Конечно, такая свобода выбора имеется уже и во Второзаконии (30:19), и у Иеремии (21:8). В этом пункте популярная греческая философия согласна с Торой: два пути открыты человеку для выбора - трудный путь праведности или легкий путь зла.

Выбор правильного пути облегчали образцы добра, как Геракл - герой греческой аллегории двух путей. Идея подражания, чуждая библейскому миру, вошла в сознание евреев только в эллинистическую эпоху. Завещания двенадцати патриархов написаны именно с этой целью; в своем Завещании Вениамин советует детям подражать "доброму и святому человеку" - Иосифу. В это время появляется даже мысль, что порочный подражает духам обмана, в то время как добрый подражает Богу, и около 200 г. до н. э. в Иерусалиме имел хождение удобный список пороков, которых следует избегать (изобретение греческого рационализма). Соответственно не было жалости к грешнику (как и в тогдашней греческой философии), потому что Бог, по словам Экклезиаста (7:29), "сотворил человека правым".

Таким образом, благодать была необходима в борьбе с грехом. В Книге Юбилеев на этой ноте заканчивается прощание Авраама с Иаковом: "Да укрепит тебя Всевышний Бог, мой Бог и твой Бог, творить Его волю". Звучит совсем как у Августина, да и греческий современник Книги Юбилеев стоик Клеант также молится Зевсу ("Отцу") о спасении своих детей от незнания, приводящего к ошибкам.

Для греческого философа выбрать ЗЛО было ошибкой. Для благочестивого же человека - в Иерусалиме или Афинах - это был грех. И Бог хотя и накажет грешника, но может простить покаявшегося. Молитва с постом и другими внешними признаками искреннего раскаяния была во времена Бен Сиры обычной практикой кающегося. Стоит, может быть, подчеркнуть, что пост в этом контексте был всего лишь средством давления, своего рода голодовкой. Рахиль молилась и постилась, чтобы иметь детей, и то же самое делал Иосиф, чтобы избежать уловок жены Потифара.

Покаяние начиналось с исповедания греха. В законе Моисея личное исповедание с определенными жертвоприношениями предписывается при некоторых ритуальных преступлени-ях. С другой стороны, видимые признаки небесного гнева - болезнь, например, - могли принудить грешника признаться в тайном прегрешении. Это открытое признание вместе с не-обходимыми действиями и ритуалами искупало вину. Последовательность такова: тайный грех, наказание, исповедание, прощение. Такая формула искупления греха встречается повсюду в мире и хорошо передана Псалмопевцем: "Помилуй меня, Боже... Тебе единому согрешил я... и возрадуются кости, Тобою сокрушенные" (Пс. 51).

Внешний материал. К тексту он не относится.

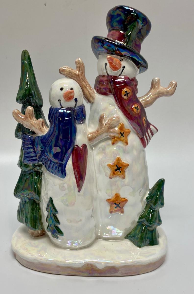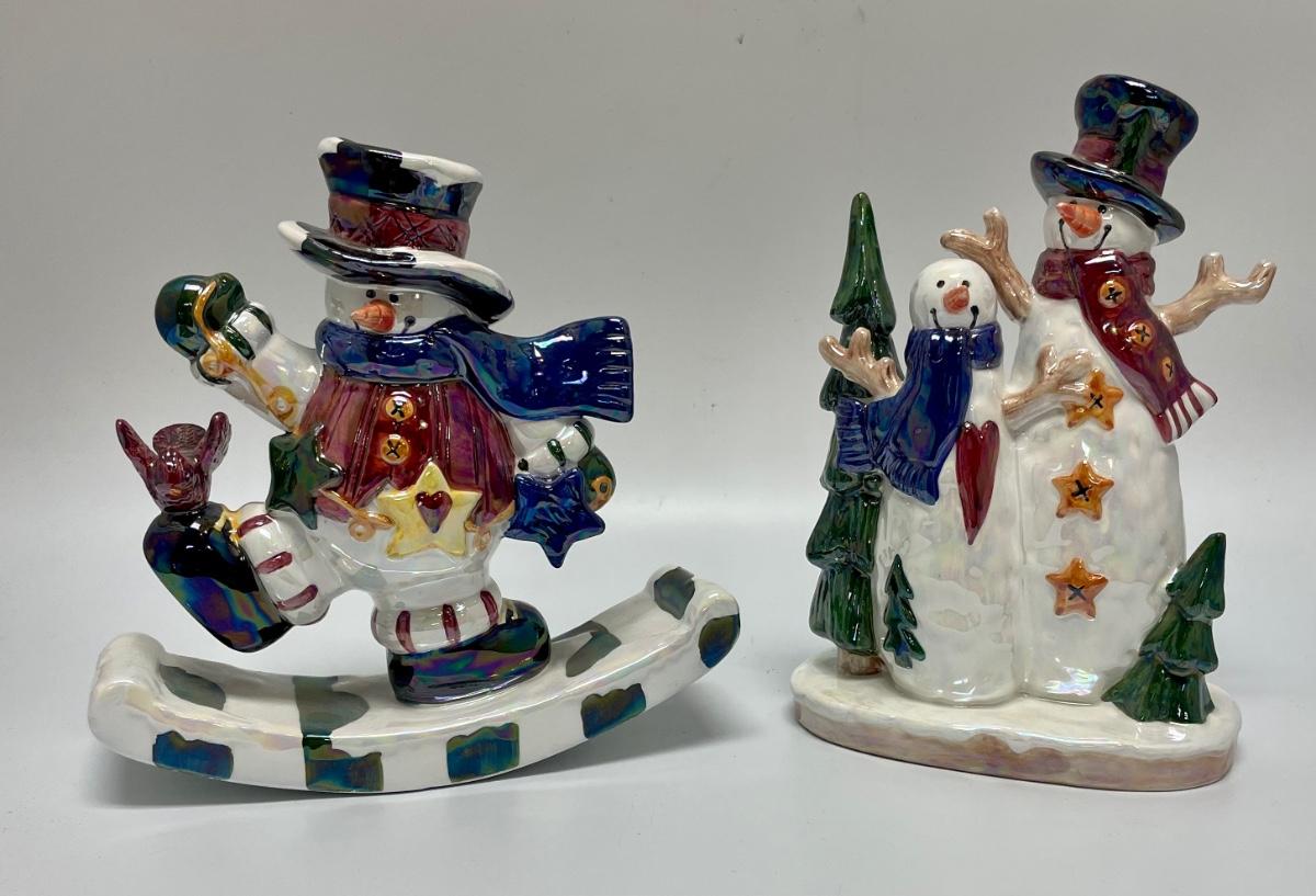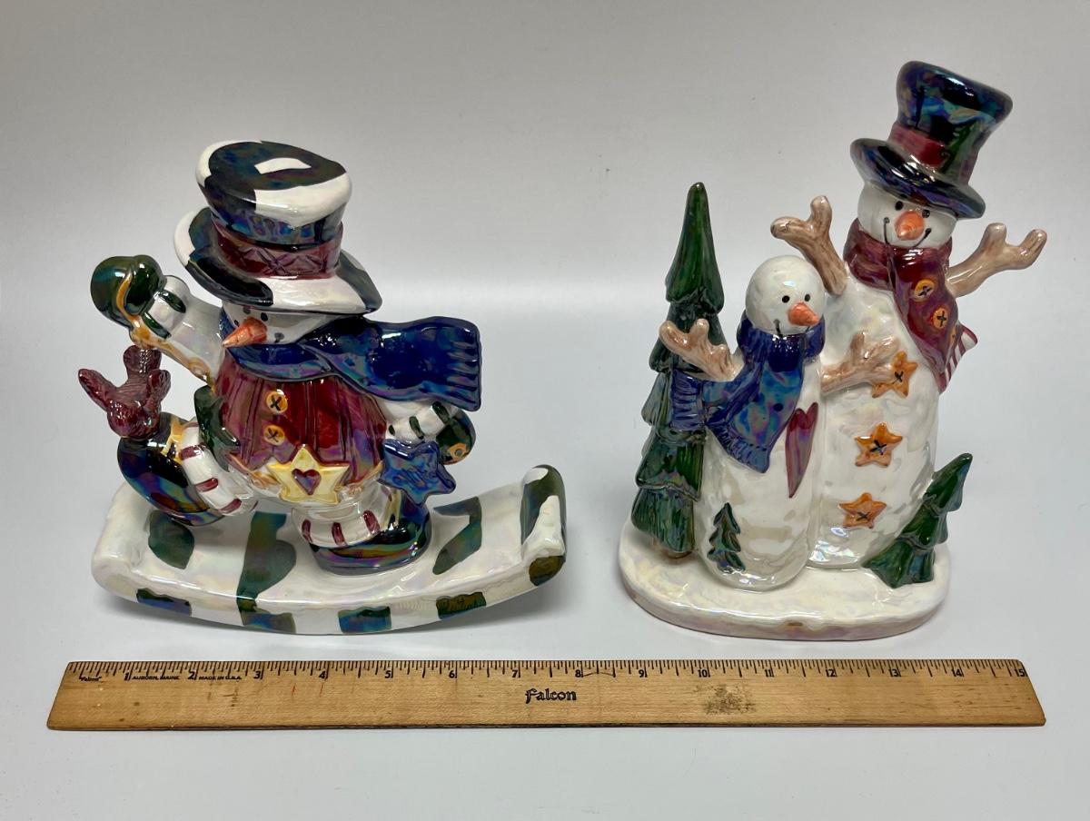 Pair of Dept. 18 Christmas figurines. Walking snowman and pair of posing snowmen. Hand painted.

Внутренний ответ сердца на наказание был, конечно, известен всем народам древности (заметим, что сердце Иова не обвиняет его, несмотря на небесные кары). В раннеэллинистическом Иерусалиме, однако, совесть признавалась независимым и праведным судией, который укорял в согрешениях даже тогда, когда не было иного обвинителя. Как говорит Бен Сира, "Блажен муж, которого не обвиняет душа".

Углубление самоанализа приводило к заключению, что простота души равнозначна всем другим добродетелям, вместе взятым. Велиар воздействует на воображение, но нельзя заманить в сети лжи безыскусного человека (vir integer). Мы уже видели, как дорога была беспорочность автору Завещаний двенадцати патриархов - благочестивому иудею. То же было важно и в поклонении богу Мен, божеству Малой Азии, которое (как говорит греческая надпись) было "милостиво" к тем, кто служил ему "простым сердцем". Чистая совесть ценилась теперь сама по себе; она приводила к душевному спокойствию.

Иерусалимляне, следуя Платону, узнали, что ненависть разрушительна для тех, кто ненавидит, потому что наполняет их злом. Месть должна быть предоставлена Богу. Бен Сира говорит (28:2), что, если ты простишь своего ближнего, твои собственные грехи простятся - мысль, позднее высказанная и Иисусом, и законоучителями.

Покаяние также начало приобретать собственную очистительную ценность независимо от его религиозного значения. Оно исцеляло душу - идея, придавшая литературную форму Завещания двенадцати патриархов: в виду приближающейся смерти каждый из сыновей Иакова перед всеми исповедует свои грехи. Рувим, например, рассказывает нам, что хотя Бог и простил его, но он не смел смотреть в лицо своему отцу, ни даже говорить с братьями: "И по сегодня совесть причиняет мне страдания по причине моей непочтительности". Или, как говорит Иуда, собственное сердце сжигает грешника.

В греческой комедии III века молодой человек говорит, что легче сражаться на войне, чем встретиться со своими друзьями, которым ты причинил горе. Заметим, что исповедание происходило публично: сыновья Иакова исповедуются собственным сыновьям. Позднее Филон утверждал, что для прощения от Бога отступник должен сначала признать свои прегрешения перед своей собственной совестью, а затем исповедать их перед людьми. Такое публичное признание грехов служило предупреждением и ободрением для тех, кто был свидетелем (слушателем) таковых. После исповеди двенадцать патриархов поучают своих сыновей. Discite justitiam moniti et поп temnere divos.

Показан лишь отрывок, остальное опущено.